I can only say this is a good practice but not necessarily a best practice.

Hi, all. Actually we can split version numbers by underscore sign, e.g. iwxxm3_1_0. Oracle's best practice allows it, as far as I understood. But my main concern is about performance issues we may be faced if we mix several xmlns for different versions in one schema. Have anybody got an experience of this?

ilkkarinne commented 4 years ago

@jkorosi: the schemaLocation is not an identifier of a namespace and should not be used as one. I strongly prefer using different namespaces for different schemas even though the change would be backward compatible, unless there is a very strong reason to not do it. I have personally already struggled with the "5.1.1" and "5.1.1b" AIXM profiles in FMI's IWXXM/KNMI implementation library because of this very reason: both declare the same namespace http://www.aixm.aero/schema/5.1.1. In software applications this results in issues when the old schema version is used to parse contents created with the new version.
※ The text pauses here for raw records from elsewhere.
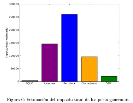Se puede observar que comunidades más pequeñas como Pardido X o Ciudadanos son más activos que otra más grande, EQUO en concreto. Pero, ¿esta actuación tiene efecto fuera de los seguidores de estas páginas? ¿Captan el interés de otros usuarios? Para tal fin es necesario construir otra herramienta de análisis.
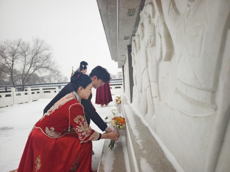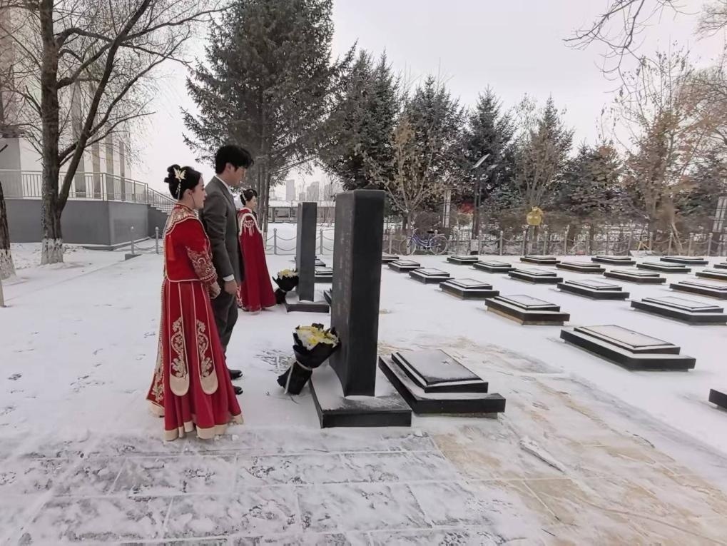 12月19日,黑龙江省绥化市英烈园开展了一场“执子之手 致敬山河”新婚夫妇致敬先烈主题活动。在激昂的国歌中,全体人员肃立聆听,旋律激荡着家国情怀;短暂的默哀时光里,风雪不语,哀思绵长。
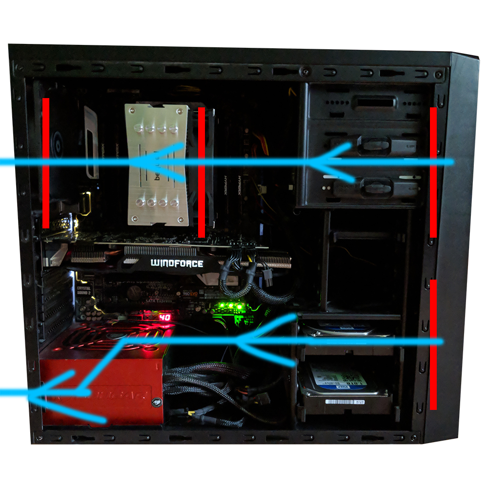 Zurzeit habe ich ein Gehäuse wo sich die Hitze Staut trotz 5 Lüfter - Meine Überlegung war nun: Neues Gehäuse + Fertige Wasserkühlung!
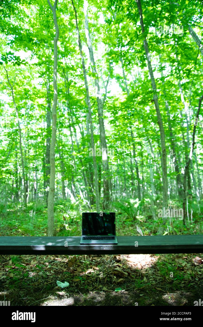 Laptop Computer in the Forest Stock Photo - Alamy
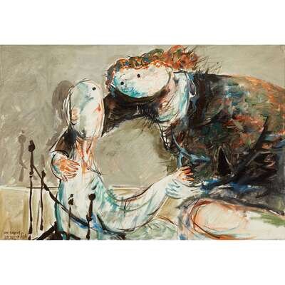 YOSL BERGNER (ISRAELI B. 1920) FIGURES IN AN INTERIOR
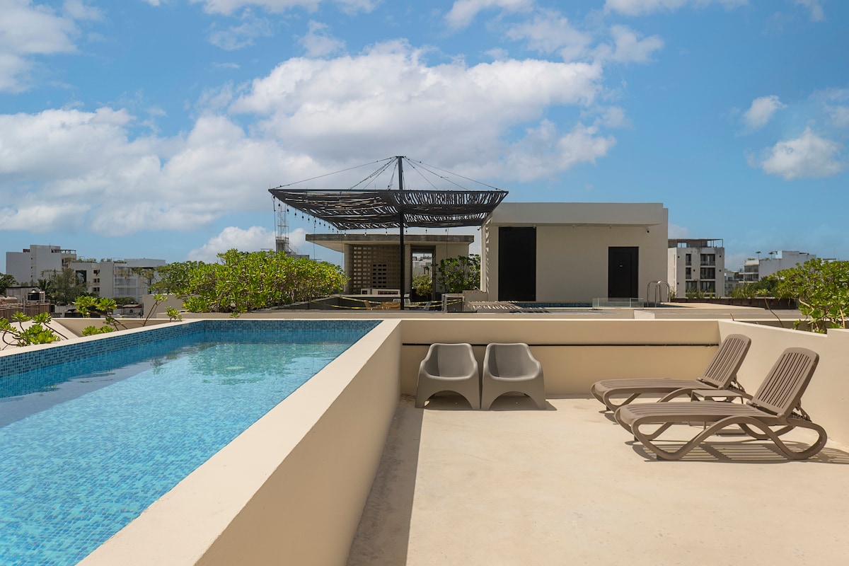 Lovely Studio, all furhished and equipped for 4 (PAX), enjoy of a new amazing pool and the Kool Beach Club with Sea View, Bar, Jacuzzi, A/C, Gym, Security 24/7, Parking, just steps from 5th AVE and on the famous Mamitas Beach ... the tranquility of the Mexican Caribbean, Great option for who is looking for a place safe in the downtown, the beach, Supermarkets, cafés, stores, artisan shops and also in a quiet Condominium in the heart of Playa del Carmen. Immediate attention 24/7.
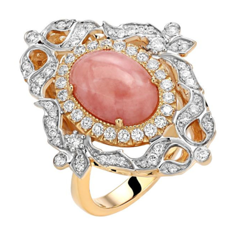 Кольцо из желтого золота 750 пробы с опалом и бриллиантами 01К6471268-1
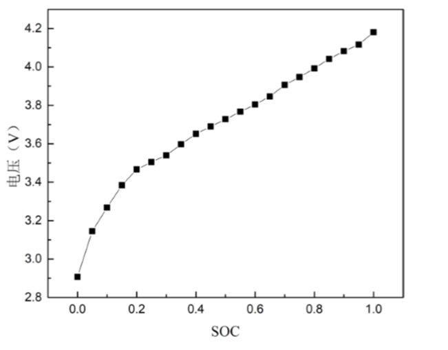 如图2-4中,我们可以发现放电OCV曲线可以被划分为两个部分,当SOC<0.3时,电压随着SOC的增大而快速递增;相反,当SOC>0.3时,斜率放缓,电压增加得缓慢。趋近于线性增加。

As the namespace is the schema identifier and not the schemaLocation, systems cannot determine which version they should use.

@moryakovdv: yes, you can use underscores as part of the namespace prefix, but the document you referred is not relevant to this as far as I can tell.

blchoy commented 4 years ago

@jkorosi: For better illustration this is how collective should look like by my opinion

This is exactly our preferred way of creating a collective.

@ilkkarinne: I have personally already struggled with the "5.1.1" and "5.1.1b" AIXM profiles in FMI's IWXXM/KNMI implementation library...

This was followed in #199. Our solution is to adopt the full AIXM schema as the similarly named AIXM elements in the full schema and weather profile could be different and this may cause confusion even if they are properly identified by different name spaces. This will be changed in IWXXM 3.0.1 real soon.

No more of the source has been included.